▸ Goal of the exercise:
Without the pictures, output the records below word for word.

Records from a collection

═══

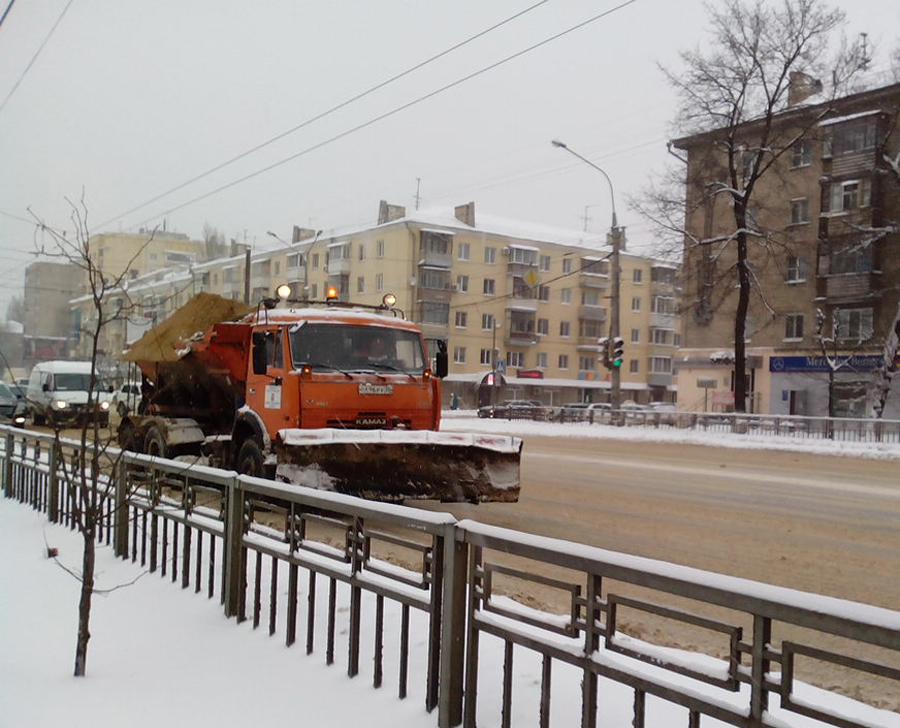 За ночь было вывезено 1068 кубометров снега, израсходовано на посыпку – 172 тонны пескосмеси.
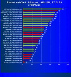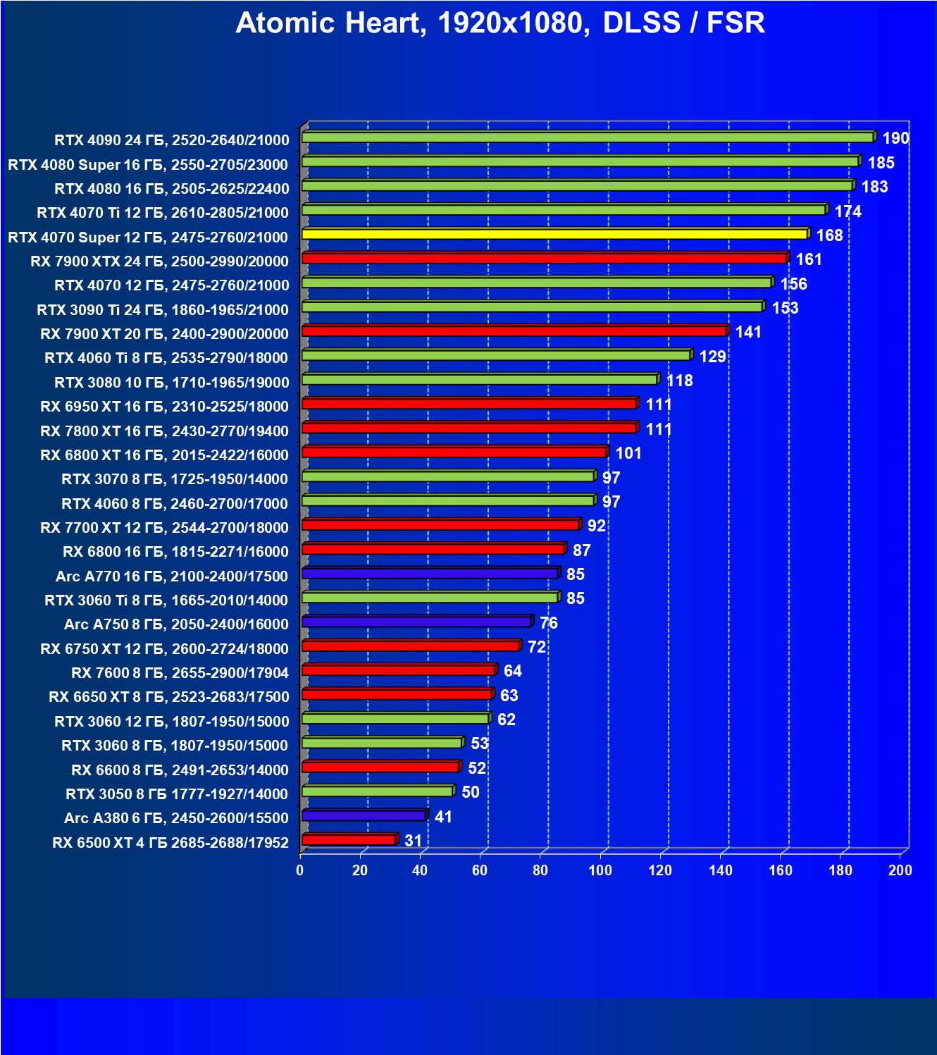 | 20 | RX 7900 XT 20 ГБ, 2400—2900/20000 | 76 | 651 | 86 000 |
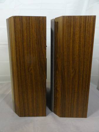 ITEM DESCRIPTION ============= Excellent used condition. Tested--all drivers working. One grill is missing the badge. 16" x 11.75" x 5.7" 10.5 lbs Finish: teak vinyl Tweeter: 0.5" polycarbonate dome...
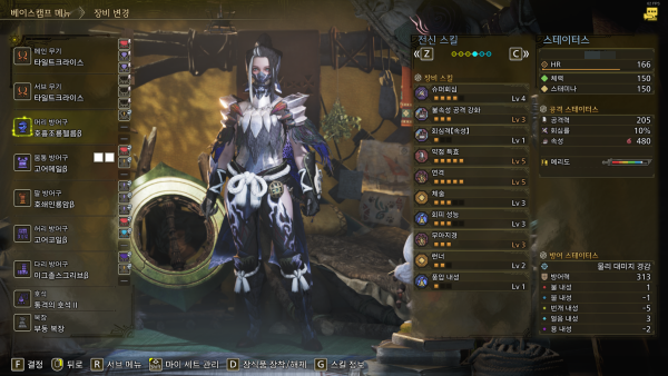 유틸 스킬은 활에게 필수인 체술 5레벨과 스태미나 급속 회복 3레벨을 채용했다. 추가적인 딜링 스킬로 연격을 추가해 공격력 및 속성치를 상승시키는 방향으로 세팅했다.
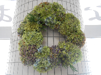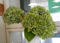 鵠巣小学校にはたくさんの紫陽花が咲き、学校を華やかにしてくれます。そのため「あじさい学校」とも呼ばれています。これは、秋の紫陽花です。夏に咲く紫陽花とは違った色で、風情があってとても素敵ですね。夏だけでなく、秋にもこんなにも綺麗な紫陽花が咲いています。さすがは「あじさい学校」ですね。

═══

▸ Task solution:
 За ночь было вывезено 1068 кубометров снега, израсходовано на посыпку – 172 тонны пескосмеси.
 | 20 | RX 7900 XT 20 ГБ, 2400—2900/20000 | 76 | 651 | 86 000 |
 ITEM DESCRIPTION ============= Excellent used condition. Tested--all drivers working. One grill is missing the badge. 16" x 11.75" x 5.7" 10.5 lbs Finish: teak vinyl Tweeter: 0.5" polycarbonate dome...
 유틸 스킬은 활에게 필수인 체술 5레벨과 스태미나 급속 회복 3레벨을 채용했다. 추가적인 딜링 스킬로 연격을 추가해 공격력 및 속성치를 상승시키는 방향으로 세팅했다.
 鵠巣小学校にはたくさんの紫陽花が咲き、学校を華やかにしてくれます。そのため「あじさい学校」とも呼ばれています。これは、秋の紫陽花です。夏に咲く紫陽花とは違った色で、風情があってとても素敵ですね。夏だけでなく、秋にもこんなにも綺麗な紫陽花が咲いています。さすがは「あじさい学校」ですね。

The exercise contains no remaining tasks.